A concrete storm water pipe is laid on a slope of 1 : 100. The diameter of the pipe is 0.60 m and while conveying the maximum discharge, the depth of flow is not allowed to exceed 0.50 m. Find the capacity of the storm water drain if the Manning n = 0.012.
Given: S_0 = 0.01, Area of cross section of the pipe ={\frac{\pi}{4}}D^{2}={\frac{\pi\times0.60^{2}}{4}}=0.2827\,{\mathrm{m}}^{2} .
Wetted perimeter P = πD, hydraulic radius R = A/P = D/4 = 0.15 m.
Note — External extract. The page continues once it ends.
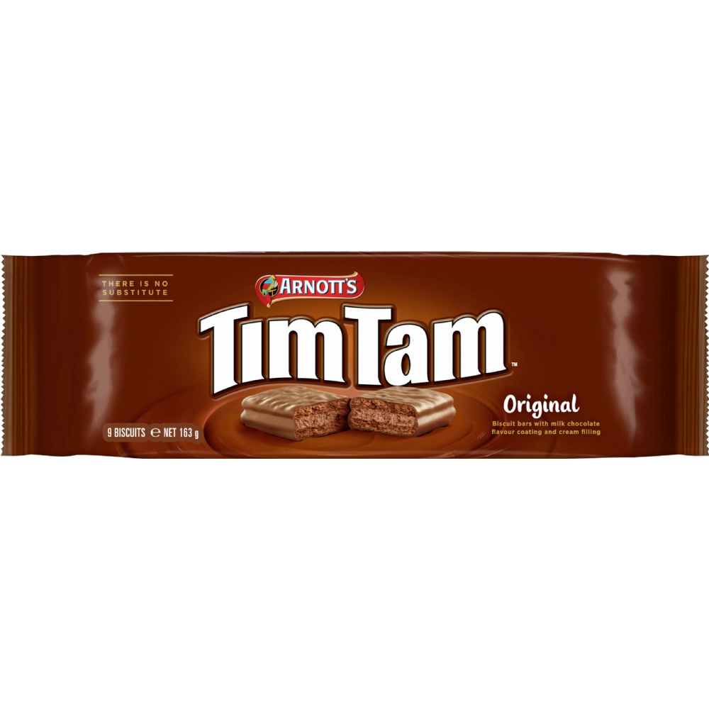 Geniet van de rijke, chocoladeachtige smaak van Arnott's Tim Tam Original! Deze iconische Australische koekjes hebben een smeuïge chocoladecrèmevulling, zitten tussen knapperige chocoladekoekjes en zijn omhuld met een rijke chocoladelaag. Perfect om te snacken, te delen of te genieten met een warme drank. Tim Tams zijn wereldwijd geliefd om hun onweerstaanbare textuur en smaak. Ervaar de klassieke traktatie die de perfectie van chocoladekoekjes definieert.

Assuming the pipe to flow full (but not under pressure), the discharge through the storm sewer is
Q=A\times v =0.2827\times\left\lgroup{\frac{1}{0.012}}\times0.15^{2/3}\times0.01^{1/2}\right\rgroup=0.666\mathrm{~m}^{3}/sThe permissible depth y = 0.50 m. Therefore, y/D = 0.50/0.60 = 0.833. From the graph of the hydraulic properties of circular pipes, Fig. 11.15, corresponding to the above value of y/d, the proportion of flow is 1.02. Therefore, the required flow Q = 1.02 × 0.666 = 0.68 m³/s. This problem can also be solved by working out the geometric properties, A, P and R of the channel for y = 0.5 m and then applying Manning equation directly.